In 1997, the USA Medical Center established an innovative, robust diagnostic teleradiology system for centralized reading, linking its two other hospitals. At the same time, the 44-bed Evergreen Medical Center, located 100 miles away, sought to increase its onsite radiologist coverage beyond eight hours a week. The USA offered to expand its teleradiology network. Evergreen acquired a film digitizer and established a T1 link, and the USA rural teleradiology outreach program was born.
"Because our state is so rural and our mission as a tertiary-care center is to serve outlying hospitals, teleradiology fits in perfectly," said Beth Anderson, chief operating officer at the USA.
Today the USA provides service to seven rural hospitals and two VA medical centers, and it intends to continue its outreach expansion efforts. Its 18 staff radiologists and 20 residents read an annual teleradiology volume of approximately 25,000 examinations in 2002, out of a total of about 200,000. A Web server makes images electronically accessible over the Internet for a short period of time to all authorized referring physicians. Most DICOM modalities are directly linked.
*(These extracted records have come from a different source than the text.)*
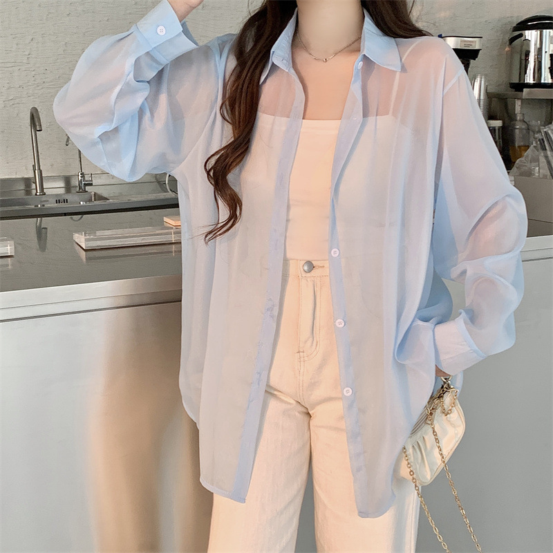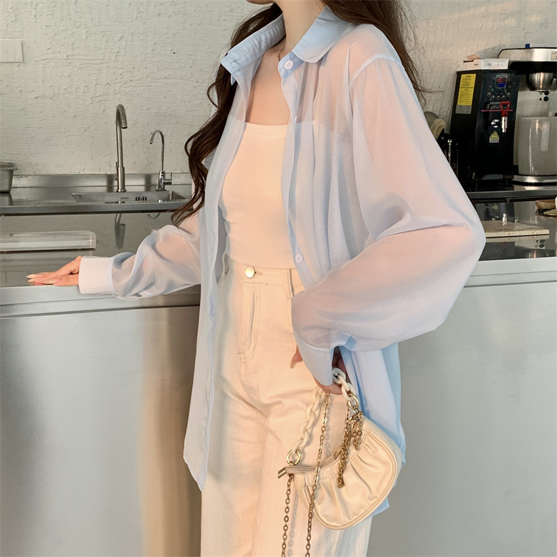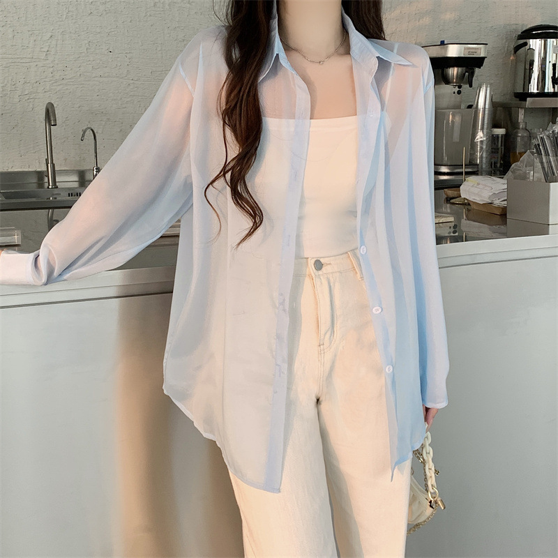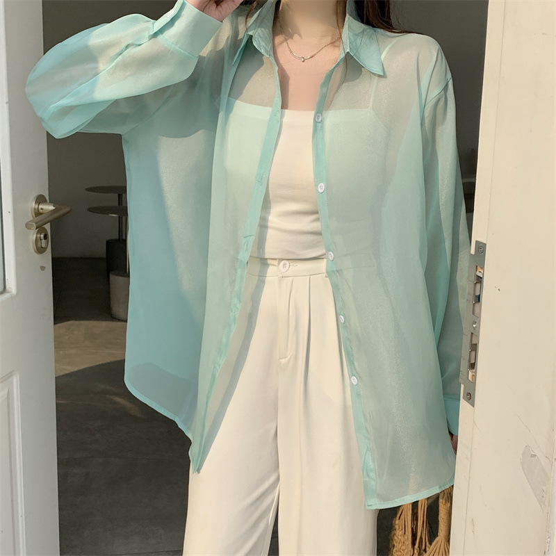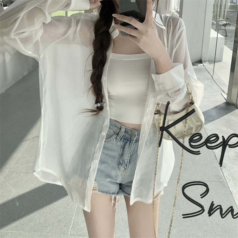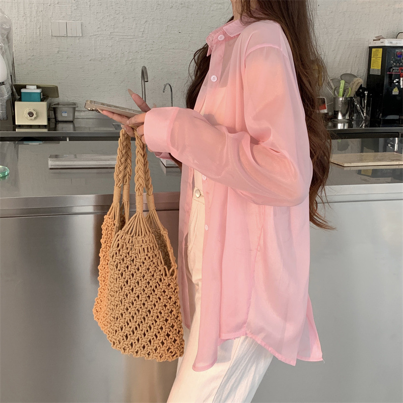 다시 분할 진주 빛 눈 방지 셔츠 외부 마운트 에어컨 셔츠 2024 여름 자외선 방지 통기성 선 스크린 탑스토어 가기
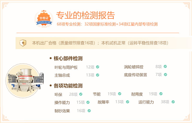 檢驗(yàn)結(jié)果:經(jīng)專業(yè)檢測,該設(shè)備無論是核心部件還是各項(xiàng)功能均達(dá)標(biāo),并表現(xiàn)非常良好,核心零部件結(jié)實(shí)耐用、壽命長;日常操作靈活便捷、故障少,且具有效能高、高產(chǎn)、節(jié)能、環(huán)保、成品效果好等諸多亮點(diǎn)。設(shè)備綜合情況非常不錯,符合現(xiàn)代化石料廠需求設(shè)備標(biāo)準(zhǔn)。詳細(xì)的報告細(xì)節(jié)如下:
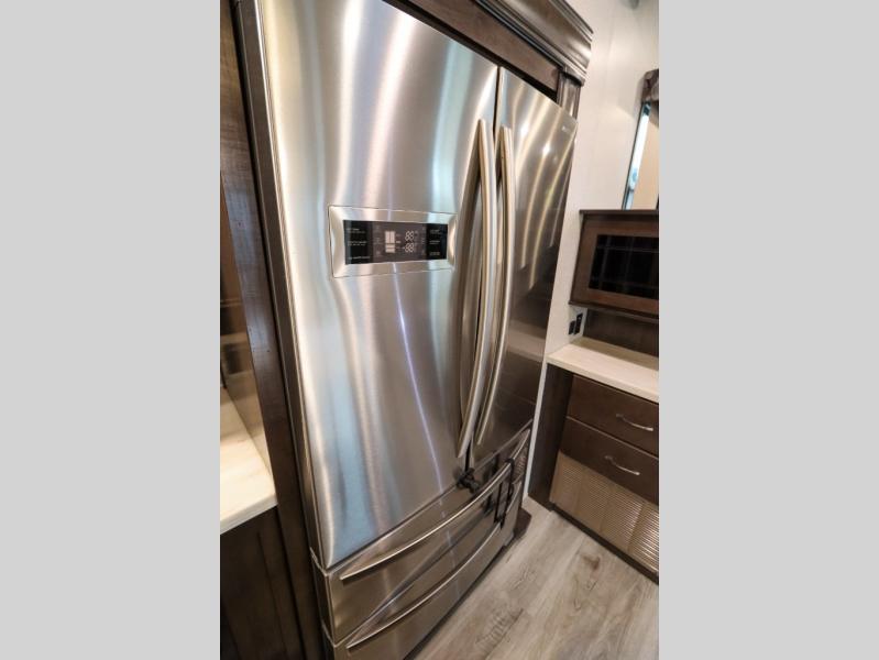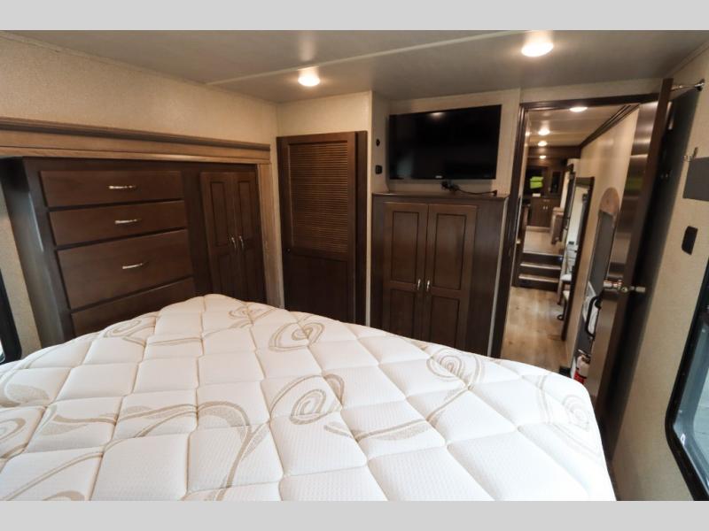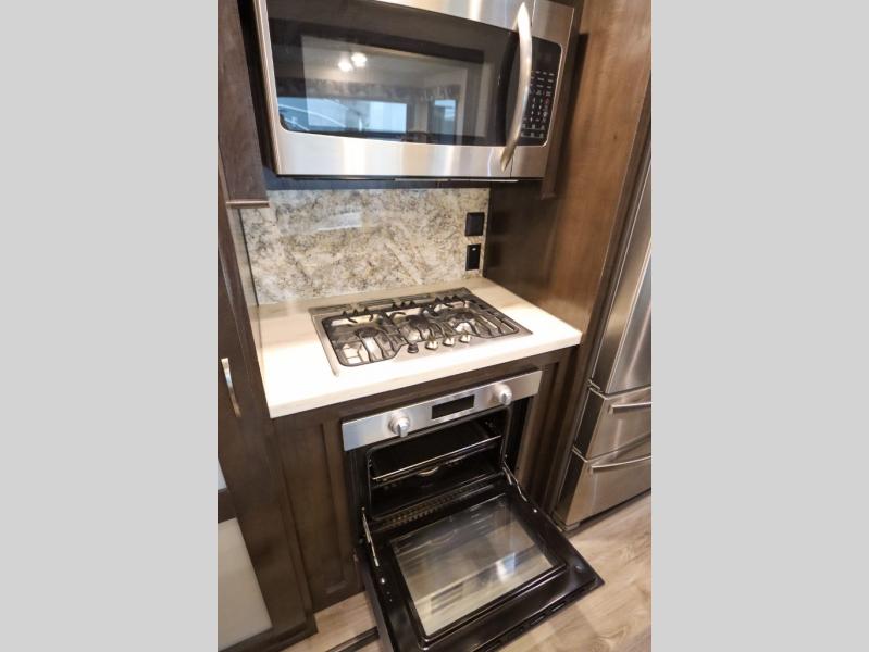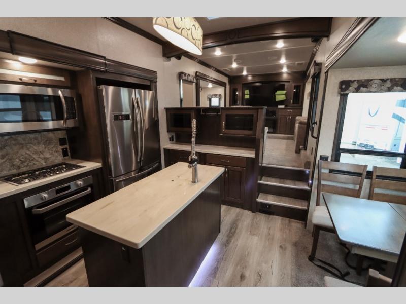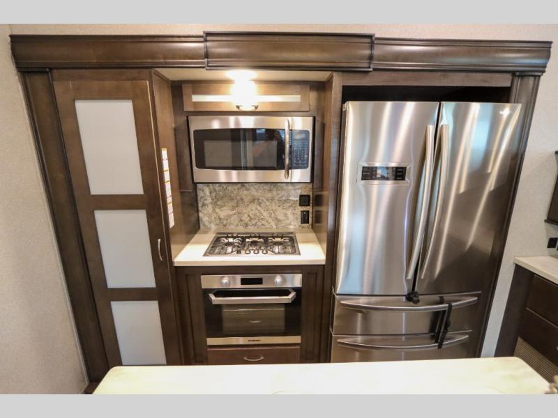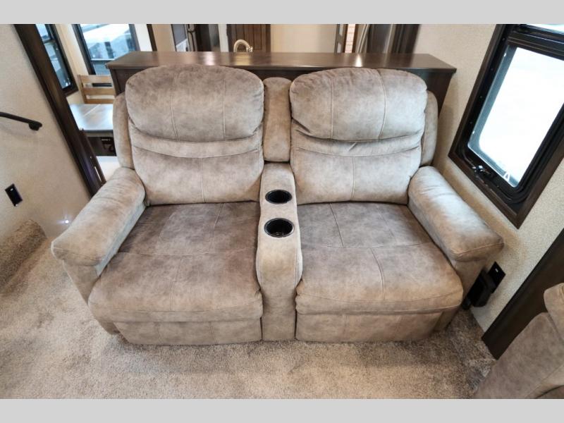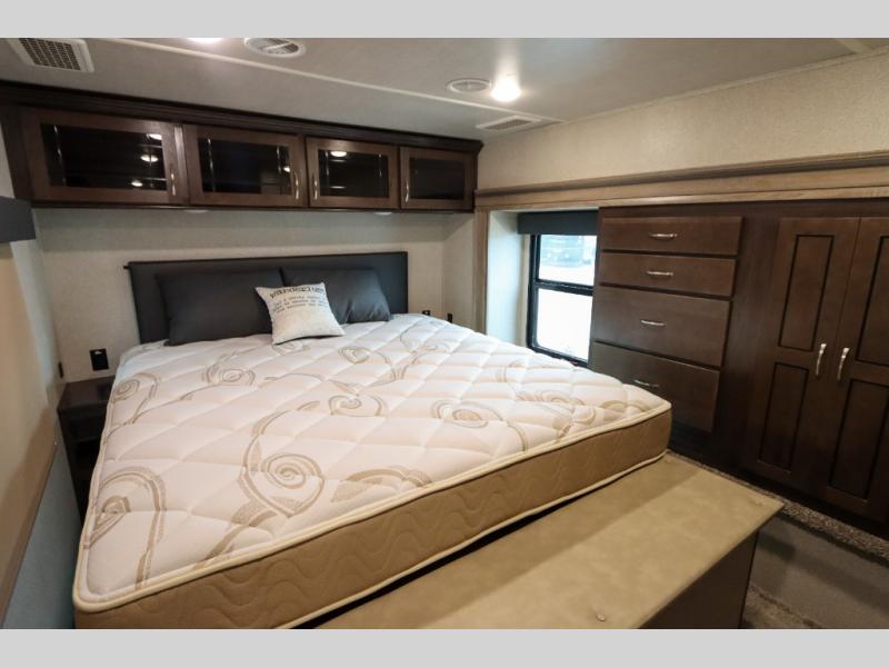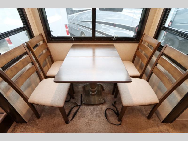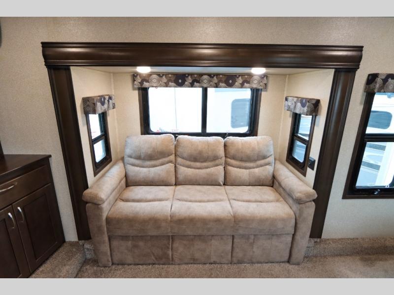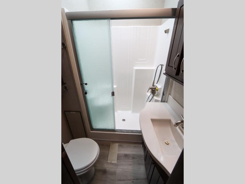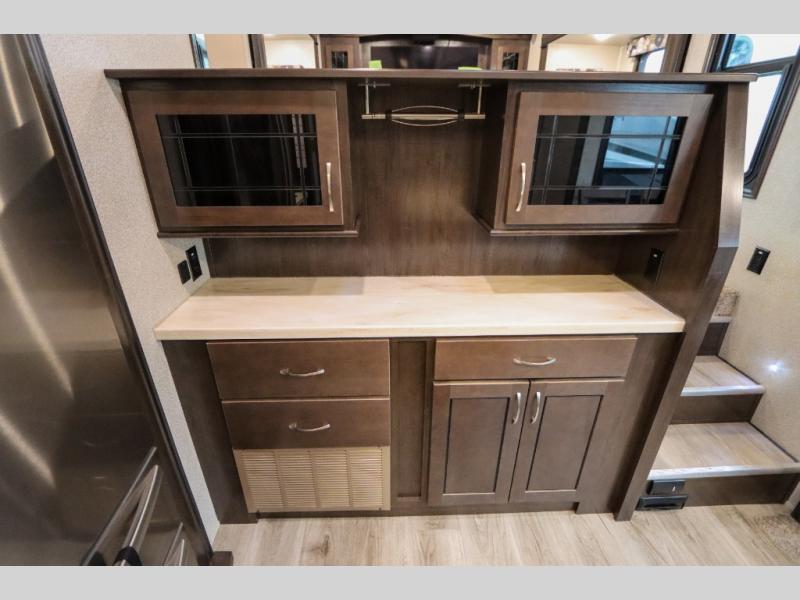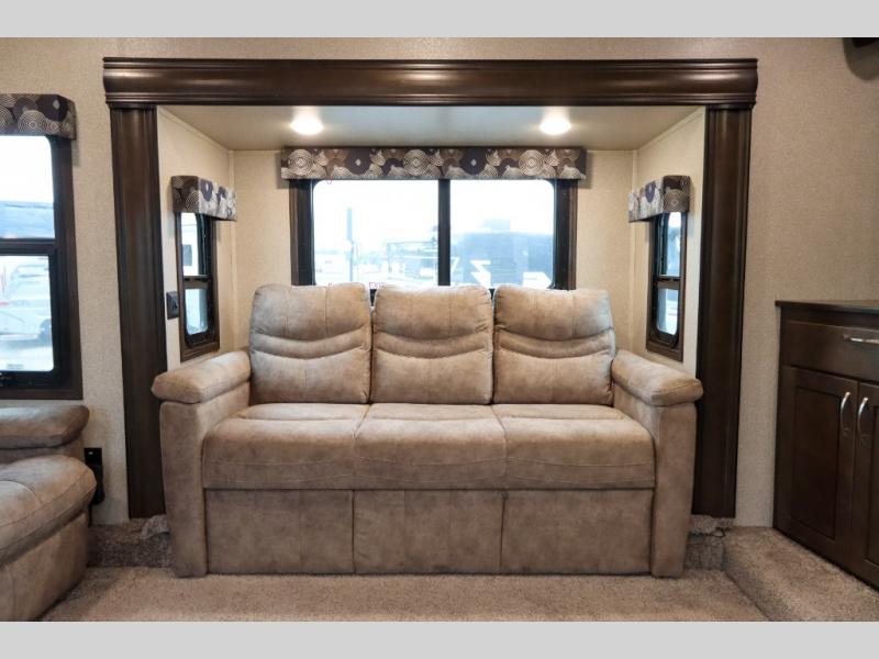 With any Forest River Cedar Creek Silverback Edition fifth wheel you will find Congoleum carefree flooring throughout and in the dining slide there is Shaw carpeting. The kitchen has everything that you would expect to find at home and more from the Furrion chef's kitchen with a gas cooktop, to the full panel backsplash, you won’t be disappointed! The 36" electric fireplace, the Jensen 12 volt CD/DVD/AM/FM/MP3/USB stereo system with a smart control app and Bluetooth, and the 50" LED TV with a swing arm in the living room are sure to be crowd pleasers! Each fifth wheel is constructed with Cedar Creek's famous all aluminum super-structure with a radius wrap metal skirt, and a Z-frame. Plus each comes with a Dexter safety and performance package which includes Dexter axles/brakes/suspension, and a Dexter E-Z flex rubber equalization system with bronze bushings and six greased zerks per side. You are sure to love camping in any one of these Forest River Cedar Creek Silverback fifth wheels so come choose your favorite one today!
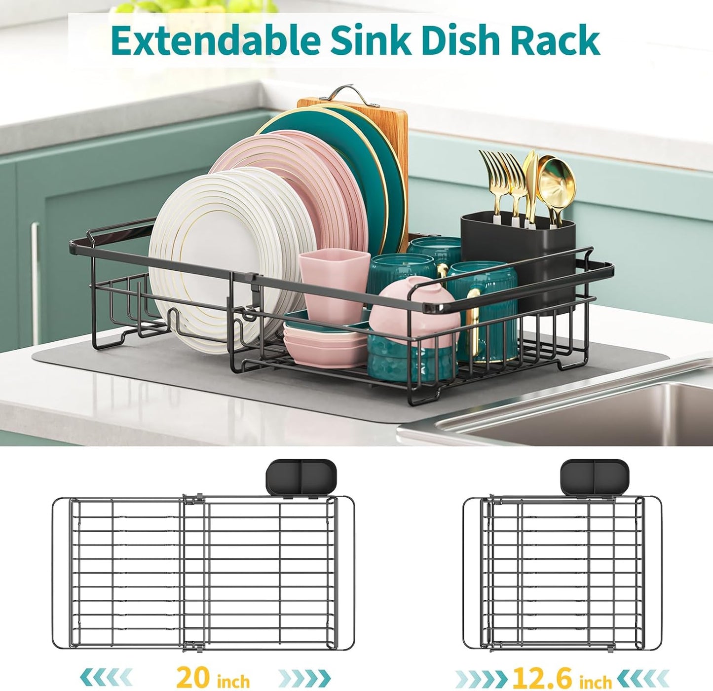 3-IN-1 design: in the sink, expandable over the sink or on the countertop with a mat at the bottom(mat not included). Extendable from 12.6" to 20" length to make it handy to place over a larger sink, fit your sink which is 12.6 to 20 inches length, meet your different needs for tableware storage.
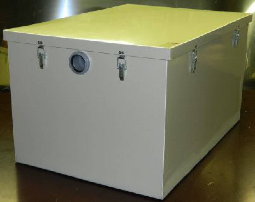 - Находим подходящую тару (форма прямоугольного параллелепипеда) из пищевой пластмассы, полипропилена, стеклопластика, оцинкованной стали или нержавейки. У тары должна быть плотная крышка. Можно использовать ящик из пластмассы для игрушек. Подойдет дюралевый уголок от старого аквариума, где треснуло стекло. Его удаляют, а на каркасе изготовляют короб из листов стеклопластика толщиной 6 мм. Резать их непросто, зато конструкция получится прочная, водостойкая.
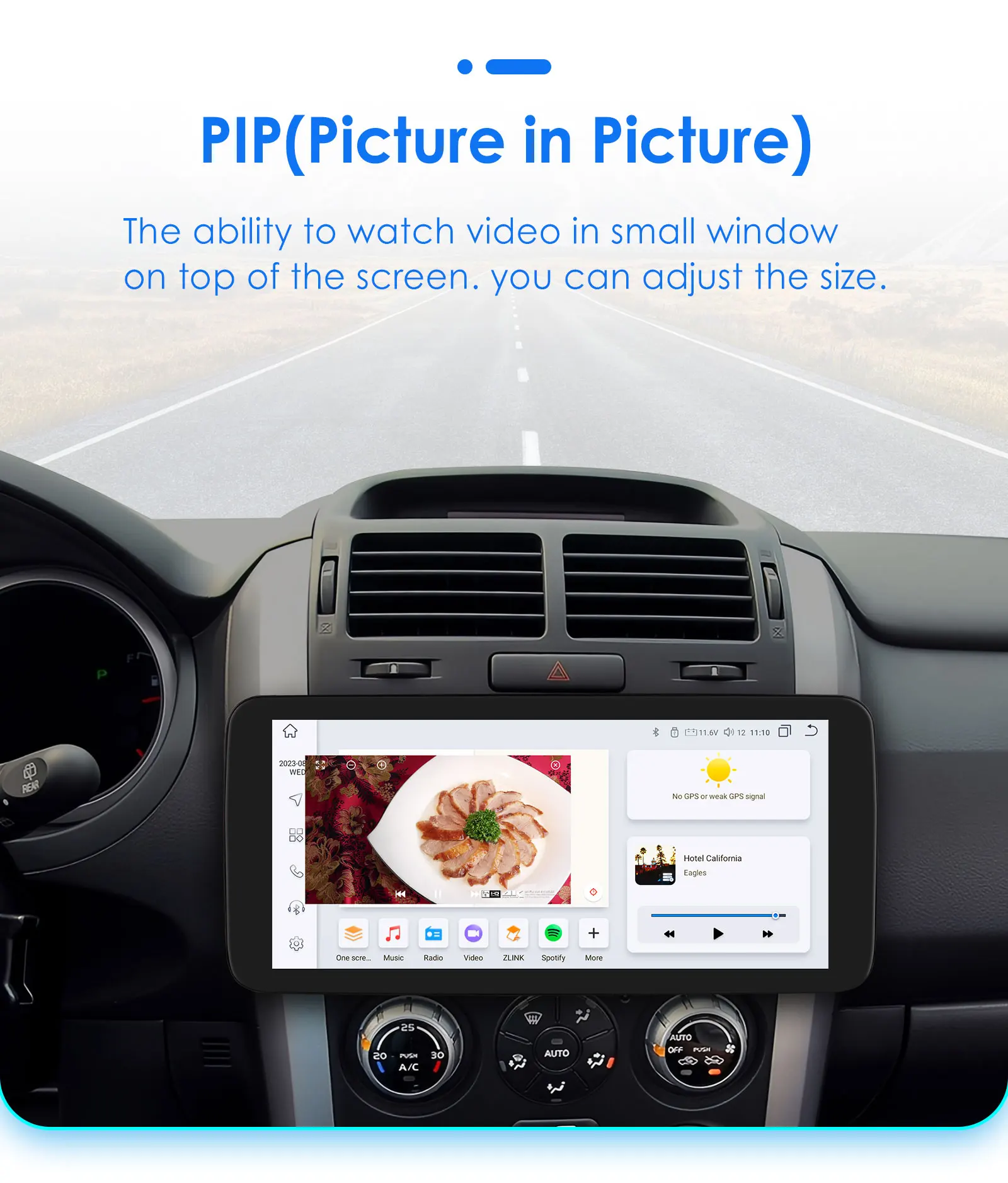 PIP(Picture in Picture): the ability to watch video in small window on top of the screen, you car adjust the size.
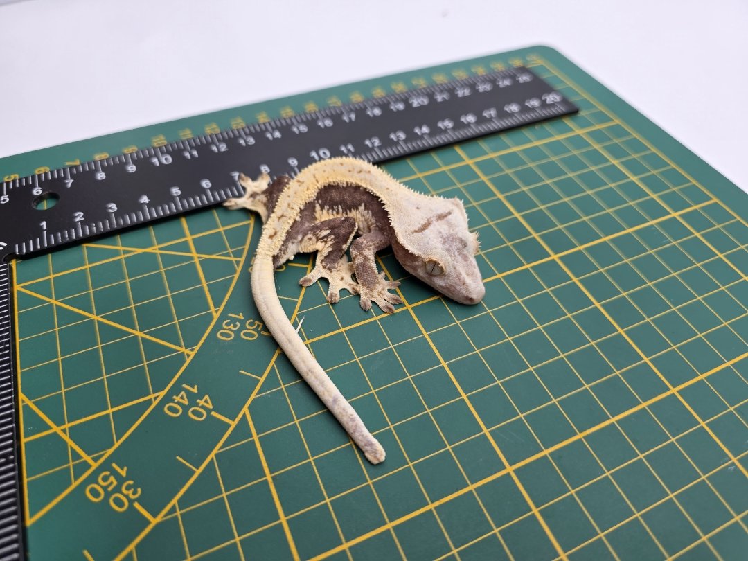 Correlophus ciliatus, femelle née en 2025, « Lilly white tricolor drippy blush », Nom/référence : AVIDA Enregistré par photos

Some facilities have replaced their film digitizers with CR readers.
The USA Medical Center purchased the teleradiology system, which grew by word of mouth and was expanded through the university's support. The USA provided the funding with the assumption that the system could be paid for through the professional fees obtained from the additional work. This was possible because the radiologists are employees, not a private practice, Anderson said. The USA pays for operating expenses, and each participating hospital pays for its own telecommunications costs and maintenance contracts.
WORKSTATIONS GALORE
The addition of the VA as a customer brought the addition of VA-specific Vista workstations. Radiologists and residents became multiworkstation-proficient quickly, according to Dr. Jeffry C. Brandon, associate dean of the USA College of Medicine and vice chair of radiology.
"The reading rooms are like a war room, with various workstations and monitors," Ori said. "We get exams nonstop all day, and the two or three radiologists who are assigned to teleradiology interpretation simply move between our workstations and those of the VA."
The USA Medical Center has stretched the teleradiology system to provide some PACS functionality among its four facilities by integrating Internet-enabled Web viewing. A PACS has been desired for years, but funding has not been available, Ori said.
The effect on rural radiology services has been profound. In addition to providing 24-hour service where none would otherwise exist, the department is also providing limited onsite support so that these hospitals are able to add fluoroscopy and interventional procedures.
"We want to assist these hospitals in providing the best quality of care to their patients," said Dr. Steven K. Teplick, a professor and chair of radiology. "Technology hasn't entirely replaced a hands-on radiologist. But it certainly has extended the resources of our department to provide a far-reaching level of assistance that could not otherwise be achieved."